Kenworth prime movers powered by Cummins engines dominate the ECC fleet which operates, by and large, in sweltering conditions working in the Bowen Basin and on outback linehaul as far north as Darwin. Because of this ECC has forged, over the years, rocksteady relationships with its suppliers.

Here an old axiom holds true: loyalty received is deserving of loyalty in return. Pursiant to this, an alliance with Cummins dates back to the 1980s.

More recently, ECC put into service a set of B-double tankers promoting the Cummins brand – in particular the Euro 6 X15 with the accompanying message, ‘We’re ready when you are’.

“Cummins is the best engine brand on the market in terms of reliability and aftersales support,” says ECC fleet manager Matt Haylock. “We run our trucks into some extremely remote areas across Queensland, the Northern Territory and New South Wales so reliability is crucial.”

When a Kenworth has done around 1.2 million kilometres, ECC rebuilds the engine or replaces it with a brand new one depending on how quickly the kilometres have been accumulated.

The X15 is commonplace in the fleet. Earlier in the year ECC saw the first Euro 6 X15 engines enter service. The latest innovation at ECC is the ‘Super Triple’, a PBS-certified combination that operates on the 900 km trip between Townsville and Mt Isa, hauling 130,000 litres of fuel – a gain of up to 22,000 litres compared with the capacity of a standard roadtrain triple.

The Super Triple, with 600 Cummins X15 horses in harness, features a tri-drive Kenworth T909 pulling Tieman quad-axle trailers and tri-axle dollies, with a loaded weight of 156 tonnes.

Early fuel figures confirm the Super Triple is running at 1.18 km/litre. High utilisation might be a trademark of the fleet, but just as importantly for ECC is the presentation and maintenance of the trucks.

They are generally washed after every shift. Perhaps this is personified no better than the impeccable Kenworth K200 in the accompanying photos, which, at a guess, looks to be 12 months old with a few hundred thousand kilometres on the clock.

B-double powered by a Cummins X15.

It is, in fact, a 2016 model with over one million kilometres under the X15 rocker cover.

ECC runs a stringent maintenance regime which underpins the company’s fleet reliability and safety commitments.

“We have very few breakdowns – perhaps one a month, if that,” confirms ECC maintenance manager Chris Chalmers. “We’re proud of that considering the size of the fleet.”

In addition to its current facilities across Queensland and the Northern Territory, ECC under the banner of Monaro Fuel Haulage, which it acquired in 2016, also has a major presence down the eastern seaboard with depots in Sydney, Melbourne and Adelaide.

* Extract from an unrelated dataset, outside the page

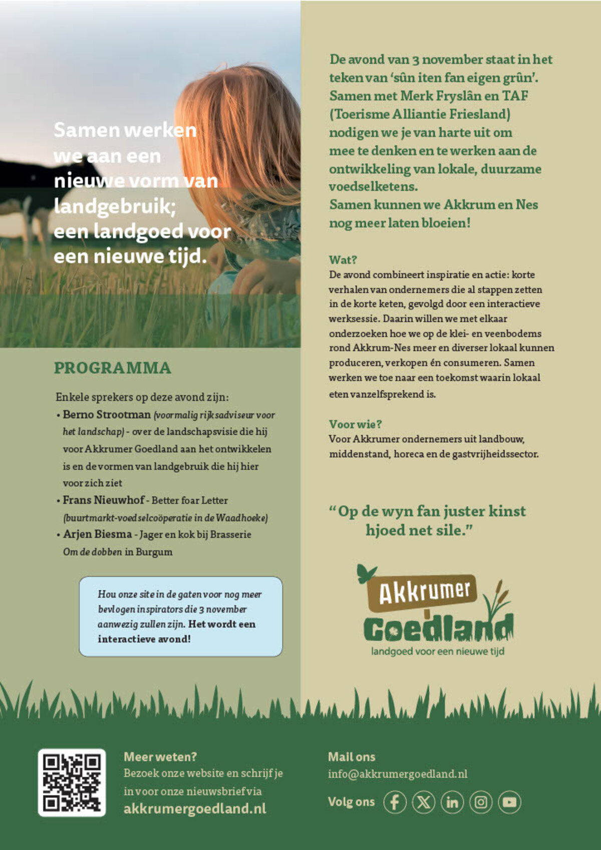 Steeds meer Friese dorpen zetten stappen richting een duurzamer voedselsysteem. Ook in Akkrum en Nes groeit de aandacht voor gezond eten van dichtbij, daarom organiseert Akkrumer Goedland op maandag 3 november van 19.30 tot 22.00 uur de inspiratiebijeenkomst “Sûn iten fan eigen grûn” in samenwerking met Merk Fryslân en de Toerisme Alliantie Friesland (TAF).

At the time of the acquisition, the Monaro fleet totalled six trucks; today close to 40 trucks operate in the Monaro blue livery.

“Our B-double prime movers are brought in for checks every 12,500 km which is generally a week to ten days while our engine oil change intervals are 50,000 km for the B-doubles and 25,000 km for the roadtrains,” Chris points out. “We look at fuel burn every service to check engine load factors and that our servicing intervals are where they should be.”

Accurate forecasting, according to Chris, is the key to the ECC maintenance system.

“Each week we get an automated report detailing which trucks are due in for servicing,” he says. “We have five workshops and 30 mechanics including nine apprentices.”

In 2020 ECC relocated to larger premises in Lytton that allowed it to incorporate its Lytton Bulk Fuel team, Oil Logistics team, Head Office team and Brisbane General Freight team.

With the busiest depots facilitating upwards of 70 B-double fuel loads a day, on an average of 51,000 litres per load, the company, as a vital cog across industries instrumental to the economy, must be a dependable force like its partners in Cummins and Kenworth.

The Kenworth K200 has surpassed 1 million kilometres.